I pushed myself upright, a sluggish, sickly feeling coating my insides. It was only pride that stopped me from saying anything further as he got dressed, plucking his garments off my bedroom floor, avoiding my gaze the whole time.
‘Did you mean that?’ I said finally, hating myself for asking but hating the silence even more.
He looked up then, hands doing up the last few shirt buttons, standing at the foot of my bed like a sleep paralysis hallucination but somehow worse.

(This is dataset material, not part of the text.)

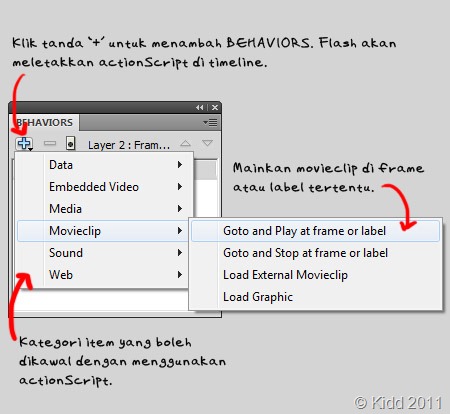 Untuk gunakan Behavior, buka panel Behavior (Shift+F3) dan klik pada icon ‘+’ untuk memasukkan actionScript.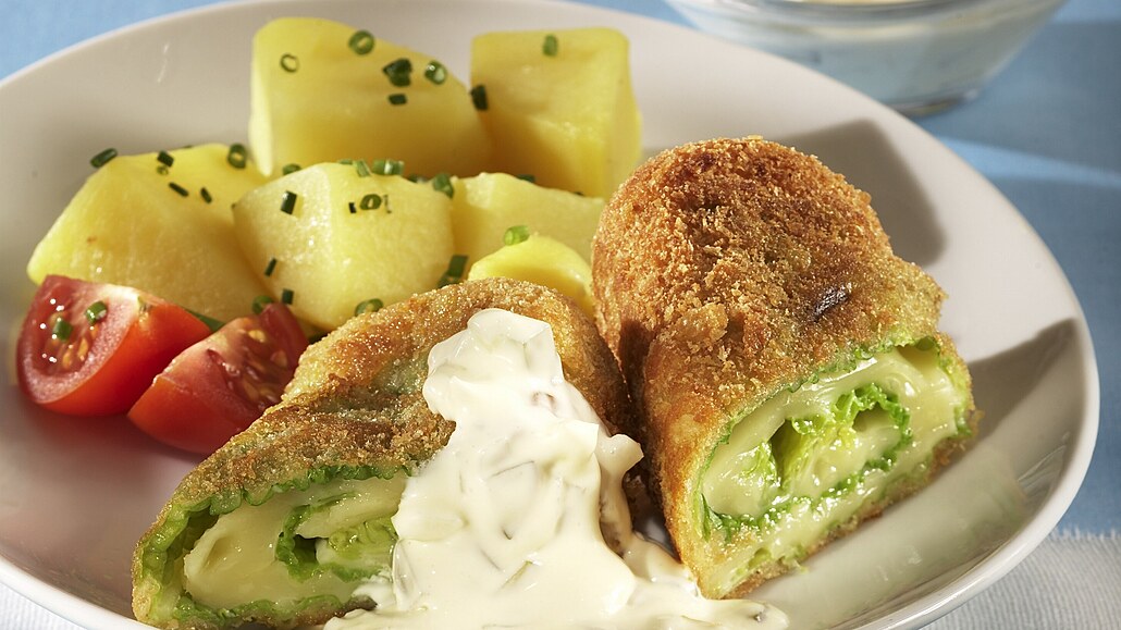 - Balíčky upevníme párátky a obalíme v hladké mouce, osolených rozšlehaných vejcích a strouhance. Na pánvi je ve vyšší vrstvě rozehřátého oleje zvolna usmažíme ze všech stran dozlatova. Podáváme s vařenými nebo šťouchanými brambory a tatarskou omáčkou.

His entire form was etched with something I couldn’t name, something that filled me with dread when his eyes found mine and I noted — immediately, unthinkingly, unwillingly — the undisguised sadness in them.
Sadness, and pity.
He opened his mouth to answer and I clawed my hands into fists, braced for whatever fresh hell was going to descend now.
‘I did,’ he said.
It took a moment for the words to make sense, and when they did —
‘What the fuck?’
I didn’t expect to laugh, didn’t expect it to sound so ugly when I did. Didn’t expect that hearing yes would hurt like this, would feel like acrid smoke plumes behind my eyes.
He half-shook his head, scrubbed a hand over his face.
‘I’m sorry,’ he said, and to his credit, he sounded it. Unfortunately, that only amplified the hornet’s buzz that filled my head.
‘Sorry for what?’ I said, an edge to my voice that I knew was the only thing stopping it from trembling, from breaking.
‘For saying — for saying that.’ He took a breath. ‘I shouldn’t have come over.’
I let out a single bitter peal of laughter. ‘Bit fucking late for that, Kills.’
‘I know.’ There was nothing to his voice when he said it. No resentment, no sadness, nothing. With a gesture that was somewhere between a wave goodbye and a dismissal, his eyes flickered over me one last time. ‘See you at rehearsal.’
And then he was gone, and I heard him putting on his boots and taking his coat, heard the front door of my flat open and close. Heard him make his way down the stairs and out of the building, and — with all the willpower that I’d lacked earlier that day — resisted the urge to watch from my window as he left, down the street and out of sight for good.
Until rehearsal, that is.
I didn’t know whether to laugh or cry, so instead I threw the covers aside and got up, pulling on clothes and taking my guitar from its stand. I’d just settled on my seat, fingers shifting into place on the frets, when my phone buzzed and I jolted as if electrocuted.
Fucking pathetic, I thought, as I picked it up and woke the screen, unable to stop the flood of wishes and fears that instantly bloomed in my imagination.
And sure enough, it wasn’t even him. It wasn’t a message from anyone, in fact, but a notification:
Your video has been published Terminal Velocity | The Vampire Shift
With a gut-churning hollowness, I watched as the first comments started rolling in.
this song cured my mental illness they’re sUCH a perfect couple omg <3 1:05 the WAY he LOOKS at her with that smile ughhhh i don’t even care if they’re faking it or not, i ship it and this is a banger the lyrics did Not have to go this hard but they did fuck me im dead 2:23 wtf ok i’m convinced, it’s def real now, no-one’s this good at acting sasha x killian ENDGAME <33
And on and on it went, a barrage of strangers who’d taken the bait hook, line, and sinker.
I closed my eyes until the smoke subsided.
At least everything was going according to plan.
At least we were doing numbers.
At least I still had the band.
I turned my phone to silent, reached for my guitar like it was a weapon, and played until my fingers bled.